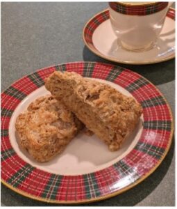 Whatever one believes about where treacle came from, it is agreed that it is a very old ingredient in Scottish recipes. Scones are such a traditional Scottish food they would be trite if they weren’t so wonderfully varied and tasty.  The old, simple recipes are often the best.  This one calls for treacle and specifically identifies it as molasses.  It makes a lightly sweetened and spiced scone.
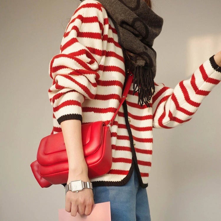 クルーネック ボーダーニットカーディガン アイボリー/レッド NI00285
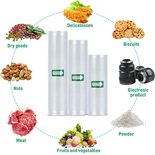 【PRATICO】I sacchetti per sottovuoto con goffratura sulla superficie possono portare un migliore effetto di sottovuoto. Diverse dimensioni per soddisfare le diverse esigenze: 28 cm * 500 cm / 25 * 500 cm / 20 * 500 cm. Adatto a tutti i tipi di Macchina Sottovuoto per Alimenti.

=== TASK GOAL ===
Would you give the data above again word for word, minus the pictures?

=== ANSWER BOX ===
 Whatever one believes about where treacle came from, it is agreed that it is a very old ingredient in Scottish recipes. Scones are such a traditional Scottish food they would be trite if they weren’t so wonderfully varied and tasty.  The old, simple recipes are often the best.  This one calls for treacle and specifically identifies it as molasses.  It makes a lightly sweetened and spiced scone.
 クルーネック ボーダーニットカーディガン アイボリー/レッド NI00285
 【PRATICO】I sacchetti per sottovuoto con goffratura sulla superficie possono portare un migliore effetto di sottovuoto. Diverse dimensioni per soddisfare le diverse esigenze: 28 cm * 500 cm / 25 * 500 cm / 20 * 500 cm. Adatto a tutti i tipi di Macchina Sottovuoto per Alimenti.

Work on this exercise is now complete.